次の文章を読んで、①A~Fの空欄に該当する言葉を記入せよ。②下線を施してある箇所(a~i)についてその正誤を考え、正しいと思う場合は記号◎に、誤っていると思う場合は、その訂正に適当と思われる語句が下の語群のなかにあればその記号に、なければ記号×にマークせよ。
1871(明治4)年、統一的貨幣制度を確立するために A( ) が定められ、円・銭・厘単位に十進法による新硬貨が鋳造された。翌 1872(明治5)年には、伊藤博文や B( ) らが中心となって同(a)ベルギーのナショナル=バンクの制度にならい国立銀行条例が公布された。
当初は発行銀行券の正貨兌換を義務づけていたため、設立された国立銀行は4行にとどまったが、1876 年(明治9)年の同条例改正により兌換義務を取り除いたので、国立銀行の設立は急増した。

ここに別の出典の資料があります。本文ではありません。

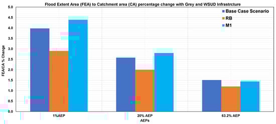 The current land use and grey measures are a base case scenario simulation. The hydrological effectiveness of WSUD applications as a point source control measure in urban catchments was assessed, considering the reduction of effective impervious area (EIA). The decrease in permeability in urban areas substantially reduces natural flora, and the interception, retention, and infiltration of stormwater runoff are also reduced. This positively impacts runoff rates and volumes, thereby decreasing interception and infiltration. The effective EIA is the portion of the urban area that directly contributes runoff to the drainage network, increasing peak flow and runoff volume []. Literature has suggested that the reduction in EIA can lower the probable impact of climate change and urbanization on hydrology and the efficiency of grey measures [,,,].

1870 年代末になると、(b)佐賀の乱での不換紙幣濫発と、国立銀行の不換銀行券発行とがあいまって、はげしいインフレーションがおこった。
その結果(c)所得税中心の政府歳入は実質的に減少して財政困難をまねき、輸入超過が続いていたこともあって、正貨の保有量は大幅に減少した。そこで政府は、1880(明冶 13)年、(d)営業税等を増徴し、損失の多い一部の官営事業を払い下げるために C( )を公布するなど、財政・紙幣整理に着手した。
しかし、払い下げは進まず、翌 1881(明治 14)年には、北海道開拓長官 D( ) が不当に安い価格で開拓使所属の官有物を関西貿易社に払い下げようとしたことが問題化し、払い下げは中止された。
同年、大蔵卿に E( ) が就任すると、増税をはかる一方で歳出を徹底的に緊縮し、歳入の余剰で不換紙幣の処分と正貨の蓄積を進めた。
さらに(e)1884(明治17)年、中央銀行として日本銀行を設立し、1886(明治 19)年から日本銀行は銀兌換の銀行券を発行した。
日清戦争後の 1895(明治 28)年の下関条約により清国から巨額の賠償金をえた政府は、これをもとに、軍備拡張・産業振興など積極的な戦後経営を進めた。国家財政は一挙に膨張し、年間の一般会計歳出額は戦前の約2.5倍に達した。
財源には、賠償金があてられたほか、砂糖消費税等の新設や所得税等の増徴など、あいついで増税がおこなわれたが、地租の増徴は難航した。1898(明治 31)年、(f)第1次大隈内閣は地租増徴案を議会に提出したが否決され、 (g)第1次桂内閣のとき、5年間の時限立法として地租率 2.5%から(h)3.3%への引き上げがようやく議会でみとめられた。金融や貿易の面では(i)1902(明治 35)年に貨幣法が制定され、賠償金を準備金として金本位制が採用された。
またこの時期には、従来から貿易に長期で大口の融資を積極的に行っていた F ( )などに加えて、特定の分野に資金を供給する特殊銀行の設立が進められた。
〔語群〕
あ.第2次伊藤内閣 い.3.0% う.地租 え.第2次松方内閣 お.関税 か.アメリカ き.1882(明治 15)年 く.血税一揆 け.3.5% こ.酒造税 さ.第3次伊藤内閣 し.1899(明治 32)年 す.フランス せ.1883(明治 16)年
そ.イギリス た.第2次山県内閣 ち.1905(明治 38)年 つ.第4次伊藤内閣 て.西南戦争 と.織物消費税
解答
①A新貨条例 B 渋沢栄一 C 工場払下げ概則 D 黒田清隆 E 松方正義 F横浜正金銀行
② a か b て c う d こ e き f さ g た h ◎ i ×
[解説]
d.このため、1881年(明治14年)には植木枝盛を中心に酒税の減税嘆願の運動(酒業者の大阪酒屋会議への招集)がおきている。
いやや多くの 酒造税。
1880年 大隈重信蔵相 酒造税
i.貨幣法の制定は1897年(明治30年)、内閣総理大臣兼大蔵大臣の松方正義は金準備が整ったとして貨幣法およびその付属法案を閣議に提出した。